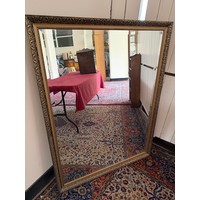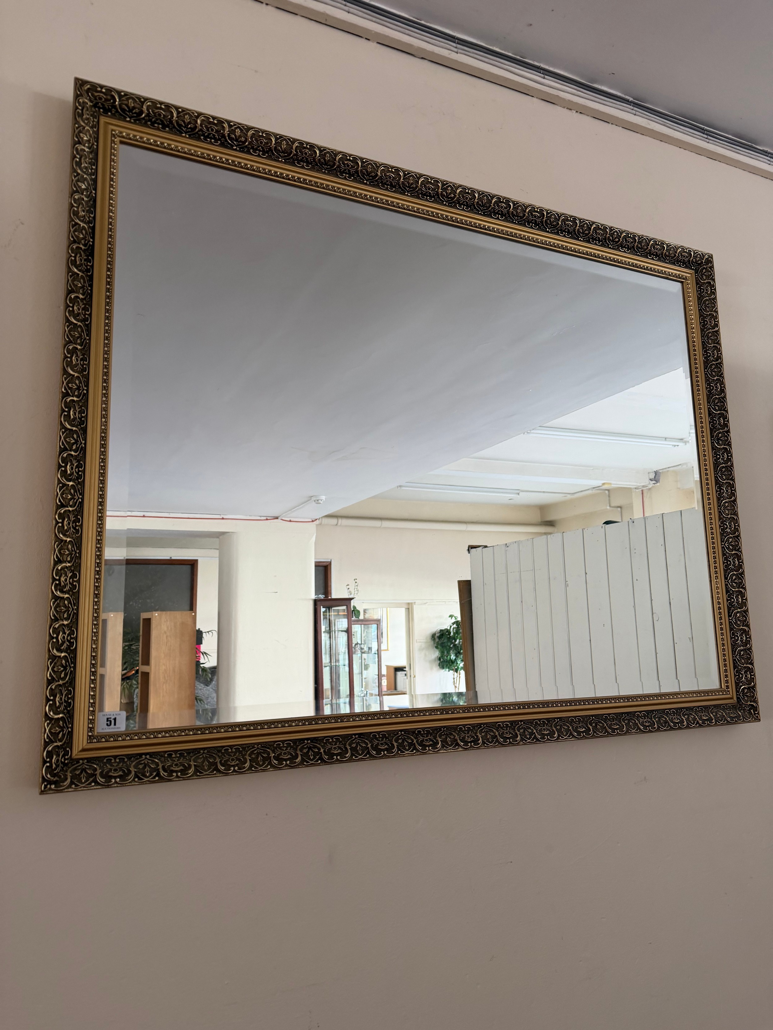 A large rectangular bevelled wall mirror in a gilt leaf decorated frame - 44in. x 34in.
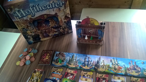In Hoftheater versuchen wir am Hofe des Königs das beste Theaterstück aufzuführen. Wir treten dabei gegen bis zu vier Mitspieler an. Es gibt acht Städte, in denen wir Begegnungen mit Gauklern, Schauspielern und reichen Gönnern haben. Wir fliegen mit Luftschiffen in die einzelnen Städte und können dort Personal rekrutieren, Almosen einsammeln oder den König beeinflussen. Sie merken - in Hoftheater gibt es eine fantasievolle Welt. Da überrascht es kaum, dass alle Schauspieler Tiere sind. Es gibt zwei Aufführungen, dann ist das Spiel auch schon wieder vorbei. Dabei ist es gar nicht so einfach einen guten Auftritt hin zu bekommen. Die Laune des Königs ist sehr Wankelmütig und kann jederzeit wechseln. Mal will er eine Tragödie, dann schon wieder eine Komödie sehen.
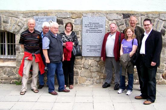 Mitglieder des AK Labertal an der Gedenktafel für die ermordeten Sozialdemokraten im KZ Mauthausen
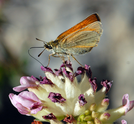 To me this was just another Skipper photo until a friend pointed out that the black tips to the antennae make it an Essex Skipper. The interesting thing about this particular insect is that it appears to be feeding from what we would regard as a dead floret. So assuming that they know better than we do about where nectar is to be found, the flowers of this Anthyllis species retain nectar after the petals have withered.
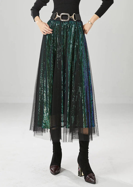 Pfauengrüner, schlichter A-Linien-Tüllrock mit Pailletten für den Herbst ML0473
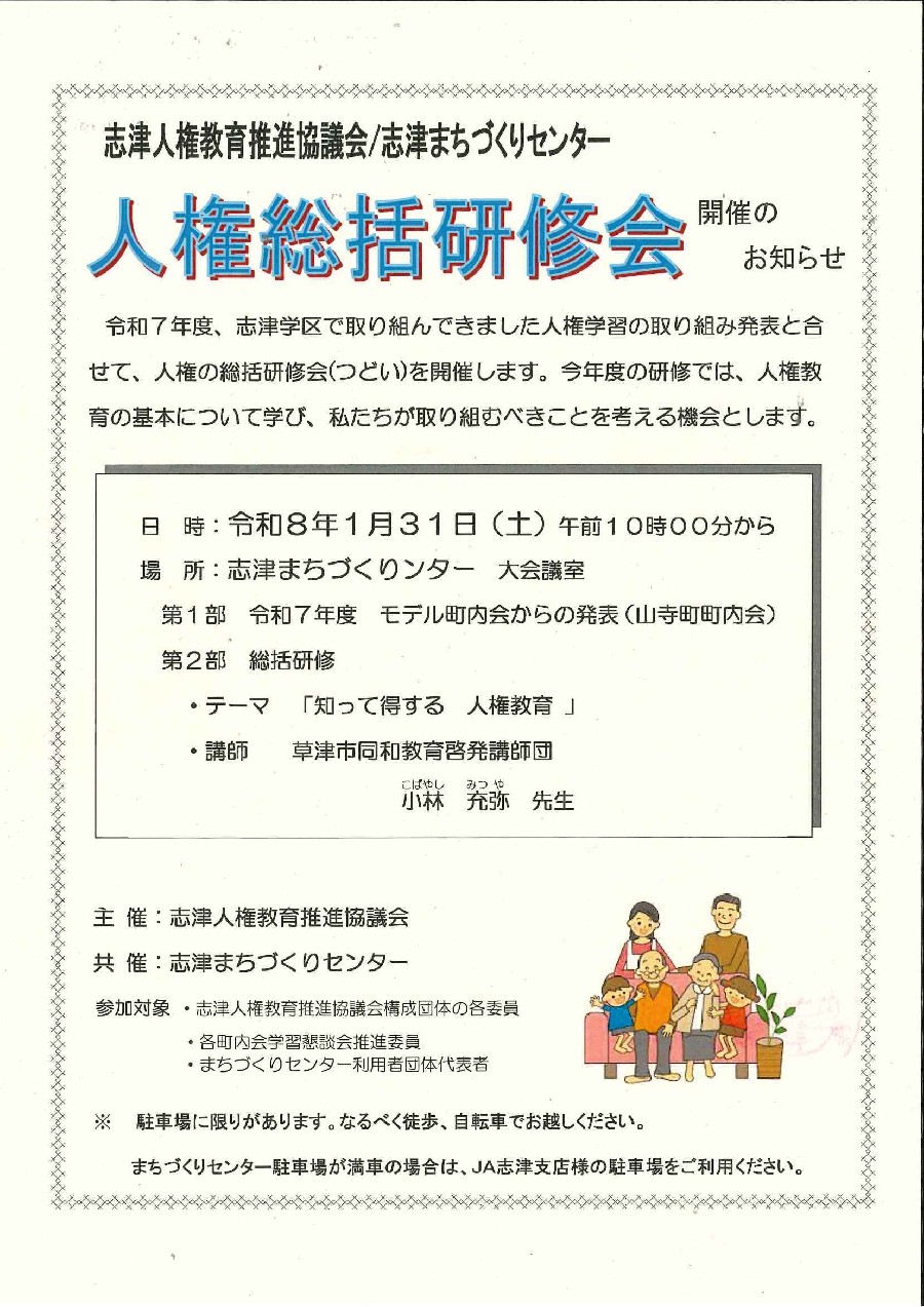 志津人権教育推進協議会と志津まちづくりセンターでは、令和8年1月31日(土)10時から志津まちづくりセンターを会場に、令和7年度の人権総括研修会(つどい)を開催します。つどいの第1部では、今年度のモデル町内会として取り組みをされた山寺町町内会からの発表があり、第2部の総括研修では、草津市同和教育啓発講師団として活躍をされています小林 充弥先生から、「知って得する 人権教育」と題してご講和をいただきます。
---
Could you copy the lines above exactly and skip the images?

 A large rectangular bevelled wall mirror in a gilt leaf decorated frame - 44in. x 34in.
In Hoftheater versuchen wir am Hofe des Königs das beste Theaterstück aufzuführen. Wir treten dabei gegen bis zu vier Mitspieler an. Es gibt acht Städte, in denen wir Begegnungen mit Gauklern, Schauspielern und reichen Gönnern haben. Wir fliegen mit Luftschiffen in die einzelnen Städte und können dort Personal rekrutieren, Almosen einsammeln oder den König beeinflussen. Sie merken - in Hoftheater gibt es eine fantasievolle Welt. Da überrascht es kaum, dass alle Schauspieler Tiere sind. Es gibt zwei Aufführungen, dann ist das Spiel auch schon wieder vorbei. Dabei ist es gar nicht so einfach einen guten Auftritt hin zu bekommen. Die Laune des Königs ist sehr Wankelmütig und kann jederzeit wechseln. Mal will er eine Tragödie, dann schon wieder eine Komödie sehen.
 Mitglieder des AK Labertal an der Gedenktafel für die ermordeten Sozialdemokraten im KZ Mauthausen
 To me this was just another Skipper photo until a friend pointed out that the black tips to the antennae make it an Essex Skipper. The interesting thing about this particular insect is that it appears to be feeding from what we would regard as a dead floret. So assuming that they know better than we do about where nectar is to be found, the flowers of this Anthyllis species retain nectar after the petals have withered.
 Pfauengrüner, schlichter A-Linien-Tüllrock mit Pailletten für den Herbst ML0473
 志津人権教育推進協議会と志津まちづくりセンターでは、令和8年1月31日(土)10時から志津まちづくりセンターを会場に、令和7年度の人権総括研修会(つどい)を開催します。つどいの第1部では、今年度のモデル町内会として取り組みをされた山寺町町内会からの発表があり、第2部の総括研修では、草津市同和教育啓発講師団として活躍をされています小林 充弥先生から、「知って得する 人権教育」と題してご講和をいただきます。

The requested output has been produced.